*** Opening of The input ***
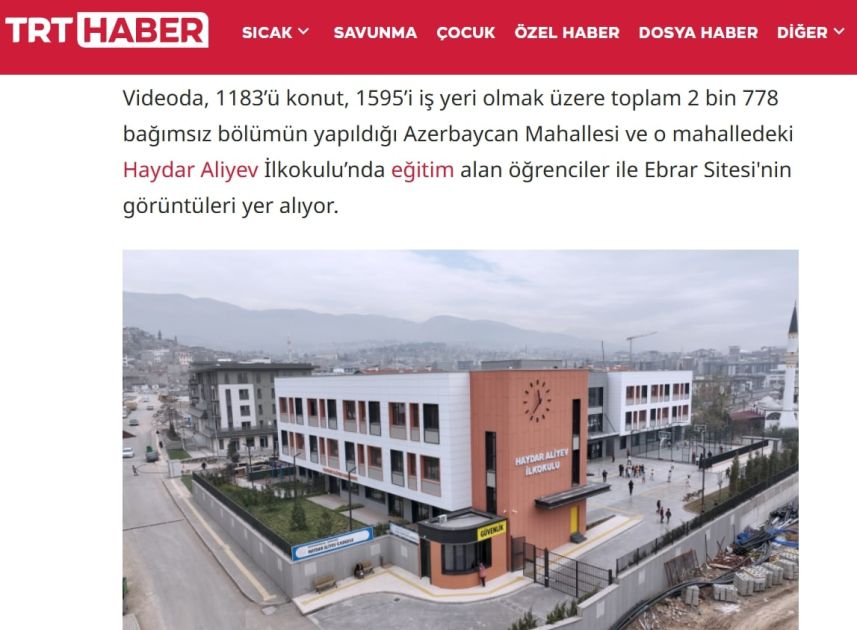 Türkiyənin “TRT Haber” telekanalı ölkəmizin dəstəyi ilə tikintisinin tamamlandığı Kahramanmaraşın “Azərbaycan” məhəlləsi barədə reportaj hazırlayıb.
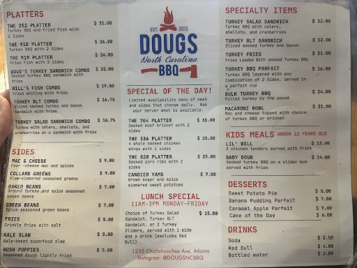 Read moreDoug's NC BBQ is a must-visit destination for any BBQ enthusiast! The macaroni and cheese was a highlight, with a creamy, cheesy goodness that will leave you wanting more. But the real showstopper was the ribs - they were fall-off-the-bone tender and full of flavor. The location is also a winner, with a welcoming atmosphere that's perfect for families with kids. And the fact that it's connected to other shops and stores is a great bonus. Plus, the 2-hour free parking is a huge plus. My only complaint is that it was closed when I visited yesterday, but I'm eager to go back and try more of their delicious offerings. Overall, I highly recommend Doug's NC BBQ to anyone looking for a top-notch dining...
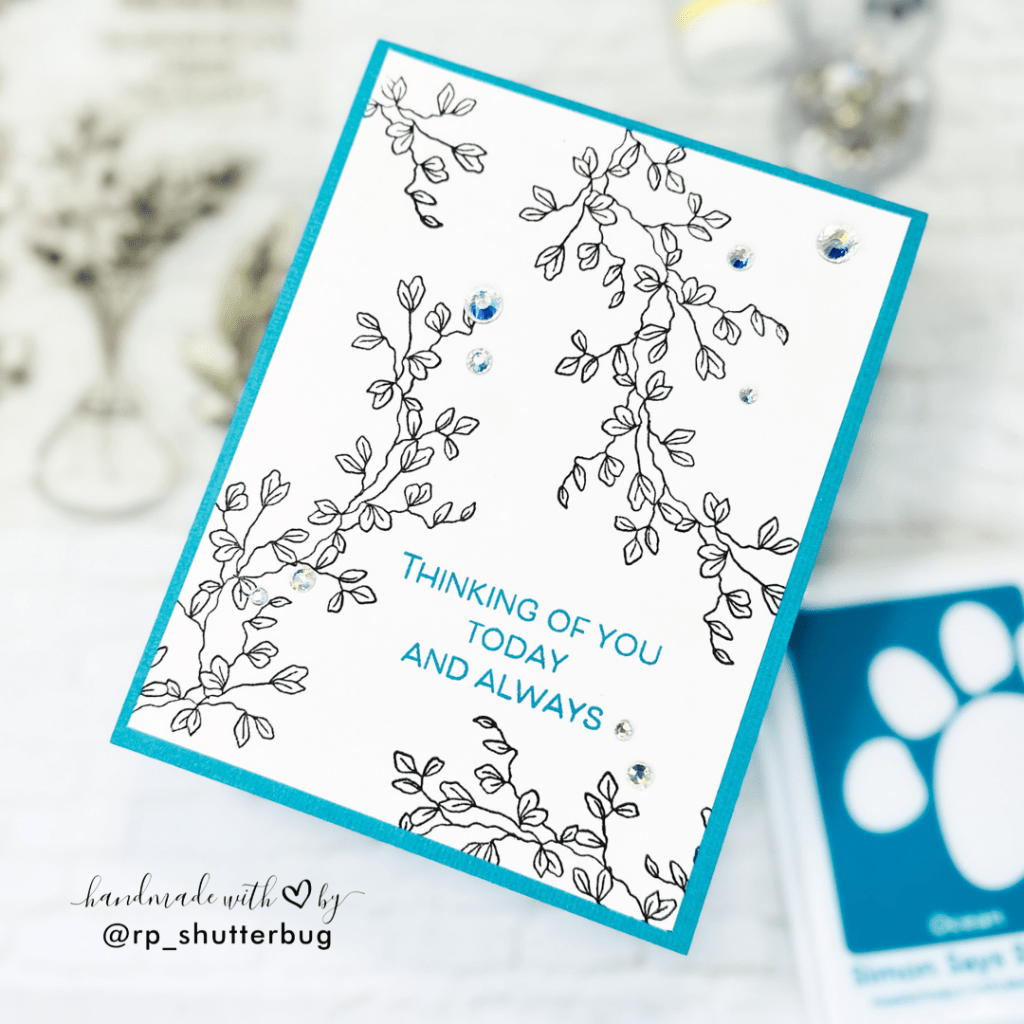 I began by stamping the sentiment using SSS Pawsitively Saturated Ink in the shade Ocean. Next, I built up the design by stamping the delicate floral image around the sentiment to frame it beautifully. To finish, I added a few Prism Pawsitively Dazzling Gems for a hint of sparkle and elegance.
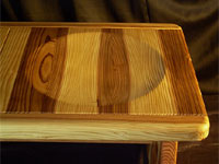 杉の魅力・・・木肌は、柔らかくしっとり濡れた色合いです。赤身と白太のコントラストがきれいです。年月が経つにつれ、深みのあるアメ色に変化します。さまざまな節は、家具に豊かな表情を与えます。
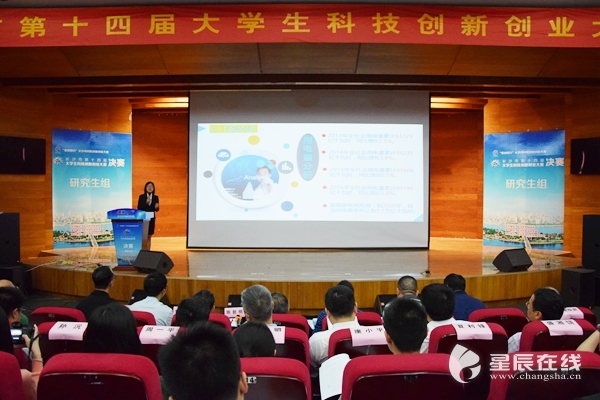 5月14日上午,长沙市第十四届大学生科技创新创业大赛决赛在长沙举行。来自国防科技大学、中南大学、湖南中医药大学等18所大学的41支参赛队伍进行激烈角逐,从项目的科学性、创新性、实用性出发,突出可预见的经济效益和社会效益。
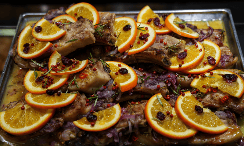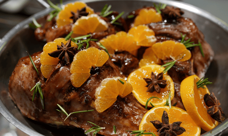 Качина ніжка в апельсиновому маринаді — соковите, ніжне м'ясо, що розпадається на волокна й просто тане в роті. Ніжка маринується в апельсиновому соку з медом, соєвим соусом, імбиром і гірчицею в зернах — це робить кожен шматочок насиченим і ароматним.
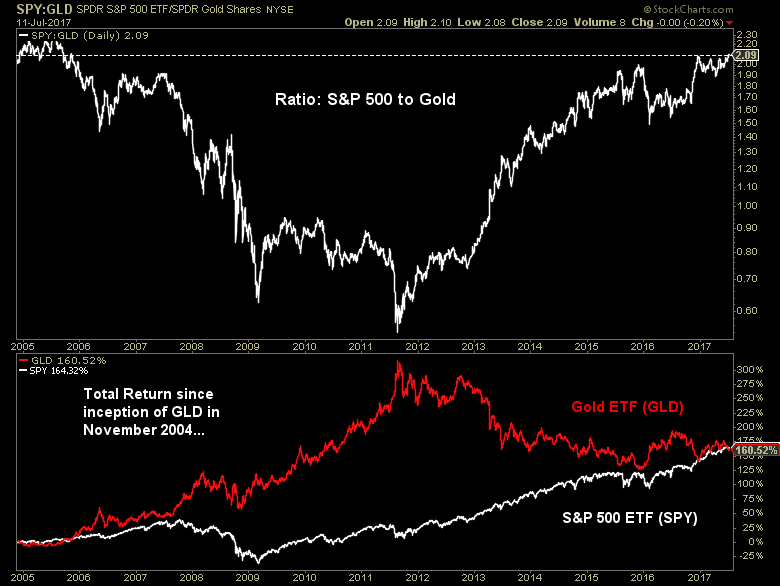 2009 und 2011 war der S&P 500 im Verhältnis zu Gold günstig. Bei einer aktuellen Quote von ca. 2 ist Gold m.E wieder attraktiver.[Blockierte Grafik: https://charts.stocktwits.com/…inal_88497435.?1499825747]
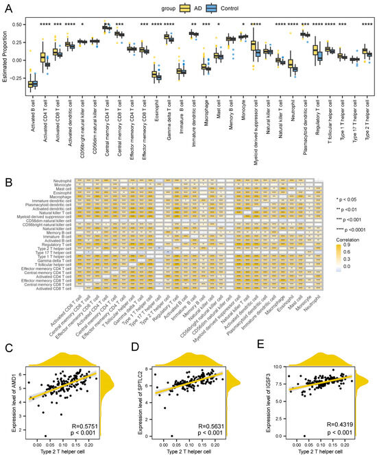 Difference in immune infiltration in AD. (A) Leukocyte infiltration quantification. (B) Correlation between immune cells. The scatter plots illustrate the correlations between AMD1 (C), SPTLC2 (D), GSF3 (E), and Type 2 T helper cells. The solid line represents the linear regression fit, while the shaded area corresponds to the 95% confidence interval. The asterisks indicate the p-values: **** p < 0.0001, *** p < 0.001, ** p < 0.01, * p < 0.05).
*** Close of The input ***
**Problem to solve:** Because the copy must hold no pictures, return only the lines that run from the line containing "杉の魅力・・・木肌は、柔らか" to the end of the data above, each exactly as it stands.

**Problem solution:**
 杉の魅力・・・木肌は、柔らかくしっとり濡れた色合いです。赤身と白太のコントラストがきれいです。年月が経つにつれ、深みのあるアメ色に変化します。さまざまな節は、家具に豊かな表情を与えます。
 5月14日上午,长沙市第十四届大学生科技创新创业大赛决赛在长沙举行。来自国防科技大学、中南大学、湖南中医药大学等18所大学的41支参赛队伍进行激烈角逐,从项目的科学性、创新性、实用性出发,突出可预见的经济效益和社会效益。
 Качина ніжка в апельсиновому маринаді — соковите, ніжне м'ясо, що розпадається на волокна й просто тане в роті. Ніжка маринується в апельсиновому соку з медом, соєвим соусом, імбиром і гірчицею в зернах — це робить кожен шматочок насиченим і ароматним.
 2009 und 2011 war der S&P 500 im Verhältnis zu Gold günstig. Bei einer aktuellen Quote von ca. 2 ist Gold m.E wieder attraktiver.[Blockierte Grafik: https://charts.stocktwits.com/…inal_88497435.?1499825747]
 Difference in immune infiltration in AD. (A) Leukocyte infiltration quantification. (B) Correlation between immune cells. The scatter plots illustrate the correlations between AMD1 (C), SPTLC2 (D), GSF3 (E), and Type 2 T helper cells. The solid line represents the linear regression fit, while the shaded area corresponds to the 95% confidence interval. The asterisks indicate the p-values: **** p < 0.0001, *** p < 0.001, ** p < 0.01, * p < 0.05).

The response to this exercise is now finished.